Life experiences; they shape us, and our understandings and actions. They alter how we view and interact with the world. I still recall exactly where I was in that moment nearly half a century ago when I had the realization which Ruaraidh MacThòmais speaks about so eloquently in this poem concerning the death of culture, of language death and its impact on those who experience it personally. Though he speaks of painful experience, such experiences may help us forge our path through life in unique and even positive ways.
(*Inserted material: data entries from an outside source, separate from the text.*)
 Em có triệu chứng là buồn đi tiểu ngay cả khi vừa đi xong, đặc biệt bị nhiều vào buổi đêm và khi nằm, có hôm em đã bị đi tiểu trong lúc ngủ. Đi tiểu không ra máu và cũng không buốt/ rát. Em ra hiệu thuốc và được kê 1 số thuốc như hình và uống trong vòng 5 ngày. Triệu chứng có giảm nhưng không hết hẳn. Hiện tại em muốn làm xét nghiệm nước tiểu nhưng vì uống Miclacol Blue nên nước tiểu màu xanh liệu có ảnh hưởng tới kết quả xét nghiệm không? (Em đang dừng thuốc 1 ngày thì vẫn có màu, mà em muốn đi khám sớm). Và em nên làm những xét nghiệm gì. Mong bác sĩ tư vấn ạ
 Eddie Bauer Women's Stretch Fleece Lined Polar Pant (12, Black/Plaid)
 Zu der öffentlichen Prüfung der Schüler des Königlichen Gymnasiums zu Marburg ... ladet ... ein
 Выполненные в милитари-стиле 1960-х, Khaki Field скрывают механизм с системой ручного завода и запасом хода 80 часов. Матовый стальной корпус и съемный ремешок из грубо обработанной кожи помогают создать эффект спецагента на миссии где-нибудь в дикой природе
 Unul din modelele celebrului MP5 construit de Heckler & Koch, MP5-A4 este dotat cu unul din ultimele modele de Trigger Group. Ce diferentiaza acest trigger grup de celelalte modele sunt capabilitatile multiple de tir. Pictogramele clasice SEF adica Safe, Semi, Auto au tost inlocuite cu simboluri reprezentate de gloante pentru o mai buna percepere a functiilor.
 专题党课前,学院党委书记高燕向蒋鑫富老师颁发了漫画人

Taking our personal experiences as fodder for a life lived with meaning should be something for which we strive.


Duin' àrd, tana
's fiasag bheag air,
's locair 'na làimh:
gach uair theid mi seachad
air bùth-shaoirsneachd sa' bhaile,
's a thig gu mo chuinnlean fàileadh na min-sàibh,
thig gu mo chuimhne cuimhne an àit ud,
le na cisteachan-laighe,
na h-ùird 's na tairgean,
na saibh 's na sgeilbean,
is mo sheanair crom,
is sliseag bho shliseag ga locradh
bhon bhòrd thana lom.

Mus robh fhios agam dè bh' ann bàs;
beachd, bloigh fios, boillsgeadh
den dorchadas, fathann de'n t-sàmhchair.
'S nuair a sheas mi aig uaigh,
là fuar Earraich, cha dainig smuain
thugam air na cisteachan-laighe
a rinn esan do chàch:
'sann a bha mi 'g iarraidh dhachaigh,
far am biodh còmhradh, is tea, is blàths.

Is anns an sgoil eile cuideachd,
san robh saoir na h-inntinn a' locradh,
cha tug mi 'n aire do na cisteachan-laighe,
ged a bha iad 'nan suidhe mun cuairt orm;
cha do dh' aithnich mi 'm brèid Beurla,
an liomh Gallda bha dol air an fhiodh,
cha do leugh mi na facail air a' phràis,
cha do thuig mi gu robh mo chinneadh a' dol bàs.
Gus an dainig gaoth fhuar an Earraich-sa
a locradh a' chridhe;
gus na dh' fhairich mi na tairgean a' dol tromham,
's cha shlànaich tea no còmhradh an cràdh.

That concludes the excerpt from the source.